The script outputs a list of all duplicate pairs of articles into the terminal and writes them into a .txt file for later reference. Along each pair also the associated similarity score/distance is specified to prioritize the manual check of certain article pairs over others.
Please note that the only purpose of this script was to reduce the manual search space for duplicates from
Testing through multiple metrics and significance levels is an important calibaration step as we need to make sure that we don't discard article pairs too early. Therefore, we chose the significance level always rather conservatively to avoid false-negatives. Of course, this comes at the cost of having to filter out more false-positives by hand. In any case, you may want to adapt the significance level and specific metric to your data.

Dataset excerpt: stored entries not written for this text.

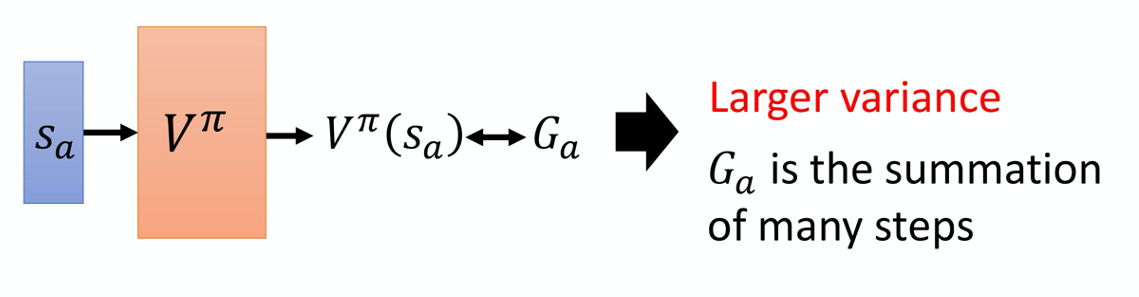 **MC 最大的问题就是方差很大。**因为我们在玩游戏的时候,它本身是有随机性的。所以你可以把 G_a 看成一个随机变量。因为你每次同样走到 s_a 的时候,最后你得到的 G_a 其实是不一样的。你看到同样的状态 $s_a$,最后玩到游戏结束的时候,因为游戏本身是有随机性的,玩游戏的模型搞不好也有随机性,所以你每次得到的 G_a 是不一样的,每一次得到 G_a 的差别其实会很大。为什么它会很大呢?因为 G_a 其实是很多个不同的步骤的奖励的和。假设你每一个步骤都会得到一个奖励,G_a 是从状态 s_a 开始,一直玩到游戏结束,每一个步骤的奖励的和。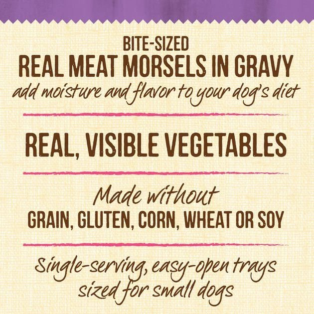 Serve your small sidekick a meal with real appeal using Merrick Lil’ Plates Grain Free Small Breed Wet Dog Food Itsy Bitsy Beef Stew. This delicious wet food for small dogs features real deboned beef as the very first ingredient. It’s crafted with a savory gravy and formulated for complete and balanced nutrition with prebiotics, probiotics and essential minerals to aid in digestion. This grain and gluten-free wet dog food is developed with high levels of omega fatty acids to help promote healthy skin and a shiny coat while glucosamine and chondroitin support hip and joint function. It’s paw-fect for helping small breeds of dogs in any stage of life build healthy muscles and maintain a high level of energy throughout the day.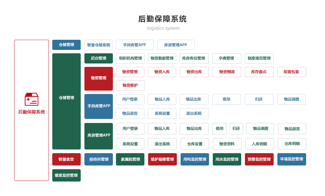 綜合保障系統(tǒng)依托物聯(lián)網(wǎng)、RFID識(shí)別和傳感技術(shù),著眼作戰(zhàn)精準(zhǔn)保障、戰(zhàn)備常態(tài)保障和官兵生活保障,對(duì)戰(zhàn)備物資、裝備器材、營(yíng)房物資和被裝物資等的全生命周期的電子化管理,對(duì)官兵的健康實(shí)時(shí)監(jiān)護(hù)。包含財(cái)務(wù)管理、軍需油運(yùn)、武器裝備、衛(wèi)勤管理、營(yíng)房管理模塊。確保部隊(duì)出動(dòng),車輛給養(yǎng)油料跟得上,裝備維護(hù)情況實(shí)時(shí)掌握,營(yíng)房管理工作平時(shí)與戰(zhàn)備同步推進(jìn)。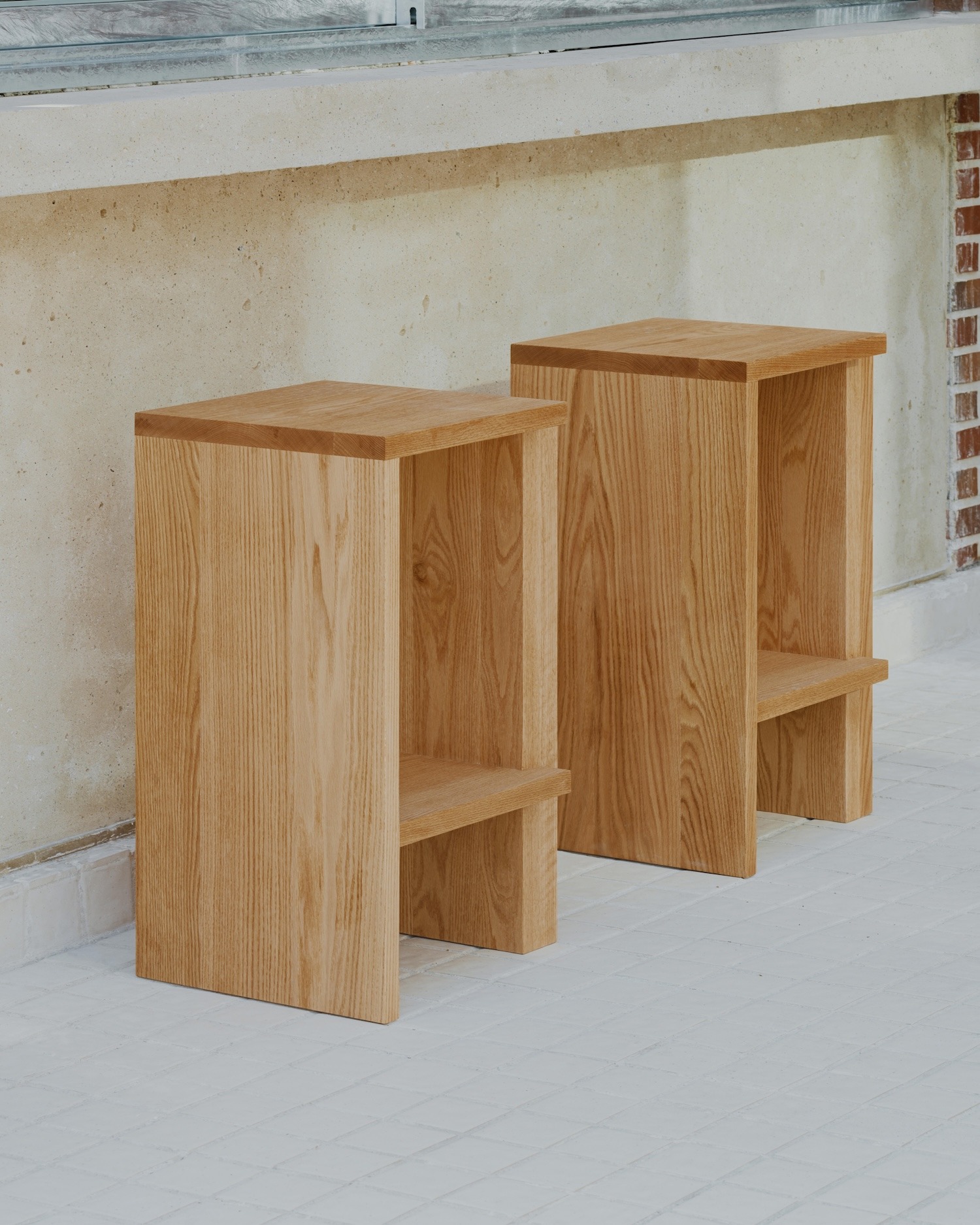 이렇게 드러내는 방식은 MMK 가구의 철학을 이어간다. 조립 논리가 눈에 보이고, 기계적 정직함이 심미적 성격을 결정한다.

We refer to the Jupyter notebook, "interrater_reliability.ipynb", for how to use R-packages from within Julia to simultaneously compute the Cohen's Kappa, Krippendorf's Alpha and Percent Agreement for an abitrary number of coding features (/codings) between two coders.
The codings from both coders (A & B) should be provided as a table on an MS Excel sheet. The table rows should correspond to different samples, while the columns should be combinations of coder label and the coding feature label separated by a full stop character ".".
Let's assume our codebook contains 42 codings / coding features, labelled "1", "2", ..., "42". Then our table should look like:
Article ID | 1.A | ... | 42.A | 1.B | ... | 42.B |
---|---|---|---|---|---|---|
1 | ~ | ... | ~ | ~ | ... | ~ |
2 | ~ | ... | ~ | ~ | ... | ~ |
~ | ... | ~ | ~ | ... | ~ |
The codings/coding features are assumed to be categorical. Missing values can be specified by coding a "~", "-9" or "-1".
The generalization of the script and table structure to > 2 coders is straightforward.